Dynamic range and intensity levels in use
The Image QC stage of Progenesis SameSpots checks all your gel images to help find any quality issues that may prevent you getting the best results out of the analysis. As feedback, it shows the results of the checks. For example...
31.25% of the available dynamic range is in use
26.17% of
the available intensity levels are in use
Dynamic range
The dynamic range of an image refers to the actual range of pixel values used, which will be less than the available range of values. For example, with a 16 bit image there are 65,535 available values. Your data will lie somewhere inside that range.
A low dynamic range means less precision in the intensities represented by each pixel. More precision in the image helps differentiate low abundance spots from background, and allows greater quantitative accuracy.
You can adjust the dynamic range in CCD camera systems by altering the exposure time, or in a laser based system by fine tuning the voltage of the PMT detector. You should consult your scanner documentation, or contact your scanner supplier, for information on how to achieve this.
If we put the pixel values used into a histogram (ignoring the top and bottom 0.1%, so we don't get skewed results because of noise), we can find the range of the image data and express this as a percentage of the available range. This is how we calculate the measure for dynamic range reported in the ImageQC stage.
Intensity histogram of a typical gel image showing a dynamic range of about 30% of the available range
Intensity levels in use
The value for available intensity levels in use is the number of discrete intensity values in the image expressed as a percentage of the available range.

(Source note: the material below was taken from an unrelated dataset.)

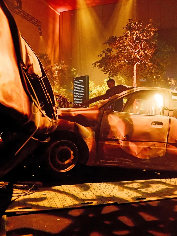 October 7, 06:29 AM – The Moment Music Stood Still lief bereits in Tel Aviv, Buenos Aires und etlichen US-Metropolen, nun ist die Ausstellung erstmals in Europa zu sehen, und zwar in einem der Hangars des ehemaligen Berliner Flughafens Tempelhof. Sie will den Angriff der Hamas auf das Nova-Musikfestival am 7. Oktober 2023, bei dem Hunderte junge Menschen starben und 44 von ihnen als Geiseln gefangen wurden, erfahrbar machen: durch ein multimediales, immersives Erlebnis. Ein Video, in dem Überlebende erzählen, welche Bedeutung der besondere Mikrokosmos dieses Festivals für sie hatte, endet mit Aufnahmen, die zeigen, wie morgens um 6.29 Uhr die Musik abgedreht wird. "Roter Alarm!" wird vom DJ-Pult gerufen. "Es sind Raketen in der Luft!" So beginnt die Ausstellung, wie das Nova endete.

The histogram below illustrates a problem that wouldn't be found by the dynamic range check but does become apparent when we look at the intensity levels in use. The dynamic range is high but only a small percentage of the individual levels are present.
A low percentage of intensity values is often a result of applying some form of Contrast Stretching or Histogram Equalisation to the scanned image. These techniques are commonly used in digital imaging applications to improve images for viewing but such manipulation of raw data in your experiment should be avoided. It can lead to inaccurate spot measurements and bias your results.